Since then, Amazon has been condemned by a number of people — authors and publishers alike — for not doing enough to protect the copyright of authors. There have been allegations of “authors” plagiarizing books wholesale, changing only names and locations (if that). Everything else about the books are verbatim. (Check out this article detailing Elis O’Hanlon’s story of being plagiarized.)

Amid all these concerns, and there are others who have alleged plagiarism, calls for Amazon to tighten their systems to prevent people from ripping off another author’s work have sounded. As an indie author, I’m all in favor of Amazon doing just that. Our copyright in a work is like our deed for our house. We no more want squatters in our homes than we want someone ripping off our work and profiting from it at our expense.

I’ll even admit that I’ve been asked by Amazon on a couple of instances to prove that I have copyright in two or three titles I have indie published. Each time, the work had been previously published by a small press. The contract I had with the press expired and rights reverted. I received an email from Amazon in each instance and all it took was a quick response, letting them know the terms of the contract, the fact rights had reverted and a copy of the reversion letter. No big deal. The way I looked at it was simple. This might have delayed the release of the titles by a couple of days, but I’d rather that than have someone who shouldn’t be releasing the work doing so.

So imagine my surprise this morning when I was looking at The Passive Voice and found reference to a situation involving the husband and wife writing team of Lee and Miller. They attempted to self-publish a couple of short stories as chapter e-books and Amazon flagged the new publication because the stories had been published before in a collection of their work from Baen. Amazon wanted proof rights had reverted back to Lee and Miller.

As you’d expect, communication went both ways and Lee and Miller informed Amazon they had granted Baen non-exclusive rights for the short stories. That meant they had the right to publish them in the chapter e-book format. Amazon responded that it needed to see the contract. And that’s where Lee and Miller had an issue. Why? Because that’s not how things are done in the “normal world” of publishing.

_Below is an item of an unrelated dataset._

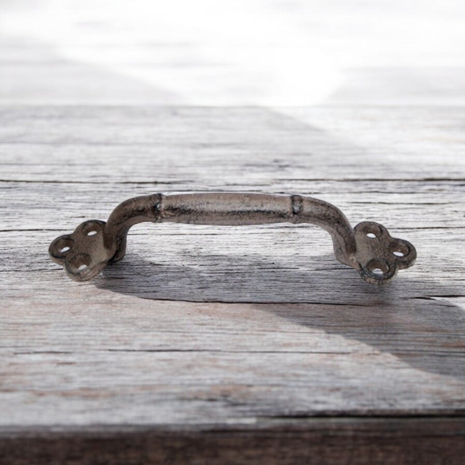 Elevate furniture quickly with our Cast Iron Drawer Pull. Showcasing a classic handle shape and a touch of old-world charm, this pull suits both rustic anddustrial decors. Robust cast iron construction stands up to daily use, while its subtle detailing adds character to dressers, cabinets, or desks. Replace worn-out hardware or customize new pieces, and let the vintage-inspired appeal of cast iron transform your space.

I’m not faulting them for being frustrated. I was as well when Amazon wanted me to prove my rights and reverted. What did get me was that they were applauding the fact iTunes, B&N, etc., hadn’t given them any problem where Amazon was. Call it a difference in view but I feel good knowing Amazon is trying to combat the plagiarism and copyright problems authors have been complaining about for ages, problems that aren’t exclusive to Amazon.

I do wish Amazon’s communication options for authors were better. Unlike “customers” who can simply go to the Contact Us section and choose whether to have a live chat, a phone call or email their problem to customer support, authors are limited to basically emailing their issue and waiting anywhere fro 24 to 48 hours for a response. There are ways around this but only after that initial email has been sent. It is frustrating, especially when you consider that each day a book isn’t on sale, you are losing money.

Of course, I’ve also had better response from Amazon than I have from any of the other “stores” when I’ve tried to contact them. The few times I had to contact B&N, I never heard back. That’s part of the reason why I pulled all my books out of there for several years. I have one book back there right now and will be adding several others, just to test the water. However, my expectations for responsiveness of the store is far lower than my expectations for Amazon.

Here’s the thing, however. It is time for folks to realize that things have changed in publishing — whether you are talking the indie side or traditional publishing. Advances are down. Market shares are changing. Readers have more power than ever before because of the availability of indie and small press books. As an author, we have to not only recognize that things have change but that they are continuing to change. That means, like it or not, if we are going to do business with any of the e-tailers, we have to be prepared to jump through any hoops they throw our way.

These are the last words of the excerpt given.